The most proven architectural improvement short of switching to Nova Sonic is sentence-level streaming TTS. The pattern: stream LLM tokens → detect sentence boundary (., ?, !, ; followed by whitespace) → immediately fire that sentence to Polly → begin Polly synthesis and audio streaming in parallel with continued LLM generation. The user hears the first sentence within roughly LLM_TTFT + Polly_sentence_latency, typically 1.5–2.5s on Bedrock Sonnet, versus waiting for the entire response. Polly now offers a bidirectional streaming API that accepts text word-by-word, allowing synthesis to begin before the sentence is even complete.

(Source: AWS ML blog on Polly bidirectional streaming, 2025)

Barge-In: VAD Is Not Enough

Barge-in requires three things: (1) echo cancellation so the mic does not detect the AI's own TTS output as "speech," (2) a VAD confidence threshold that fires fast enough to feel immediate but not so sensitive it triggers on breath, and (3) a cancellation signal sent to the LLM context so it understands the previous response was interrupted. Without (3), the AI continues as if the interrupted response completed, producing incoherence. Current VAD at 1400ms is calibrated for sentence completion but creates ~1.4s delay before the turn hands off — too long for a wellness user who paused to reflect.

Amazon Nova Sonic vs Decoupled Pipeline

Nova Sonic is Amazon's unified speech-to-speech model on Bedrock (GA in 2025), purpose-built to collapse the Transcribe → LLM → Polly chain into a single bidirectional streaming invocation. It eliminates three separate network hops and three serialization layers. Architectural analysis from Caylent (2025) confirms it is designed for sub-500ms conversational latency. However, it does not yet support instruction-tuned system prompts with the same depth as Claude Sonnet 4.6, and its voice persona is fixed — you cannot inject Ruth Neural's specific timbre or SSML. The trade-off: lower latency versus lower prompt controllability, which matters specifically for Silent Infinity's contemplative warmth requirement.

(Sources: Caylent Nova Sonic blog 2025, AWS Polly bidirectional streaming docs, saif71.com AWS voice comparison)

---

3. Voice Copy Register

Writing for the Ear

Text-first AI responses are written to scan: bullet points, hedging qualifications, paragraph breaks. All of this fails in audio. Bullet points become a flat list delivered at machine tempo. Qualifications like "It's worth noting that..." add 400ms of meaningless preamble before the information lands. The ear processes prosody — rhythm, pause, emphasis — as content. A sentence written for the eye ("I understand you're feeling overwhelmed right now, and I want to acknowledge that.") sounds warm when read silently but feels over-extended when spoken into a silent room.

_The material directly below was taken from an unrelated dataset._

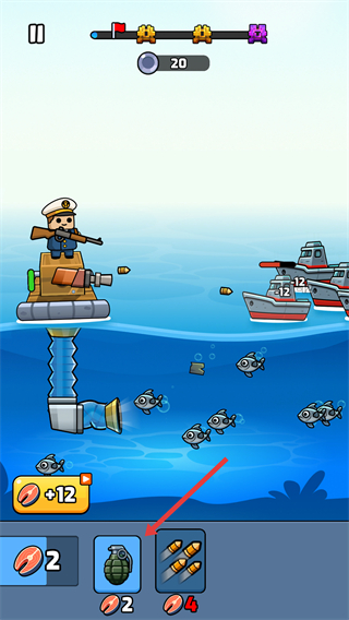 4、消耗积累的食物资源启用【炮弹】道具,强化对敌方船只的攻击效率推进关卡进程。

Rules for voice copy: shorter sentences, under 18 words where possible. Contractions are mandatory ("I'm" not "I am," "you're" not "you are"). Active verbs. Begin responses with the emotional acknowledgment, not a transition phrase. Never begin a turn with "Certainly" or "Of course" — these are filler tokens that serve text skimmability, not voice.

SSML Paralinguistic Cues

Amazon Polly supports SSML tags that can restore some of what the voice-mode prompt loses. <break time="800ms"/> inserts a genuine reflective pause — used after a user shares something difficult, this is more therapeutic than any word. <prosody rate="slow" volume="soft"> slows and quiets a section, signaling care. <emphasis level="moderate"> adds stress to key words. The Ruth Neural voice on Polly supports all standard SSML. The problem is that injecting SSML requires the LLM to output valid SSML tags in its response, which demands explicit system prompt instruction and produces occasional malformed tags that Polly will reject, causing silent audio gaps.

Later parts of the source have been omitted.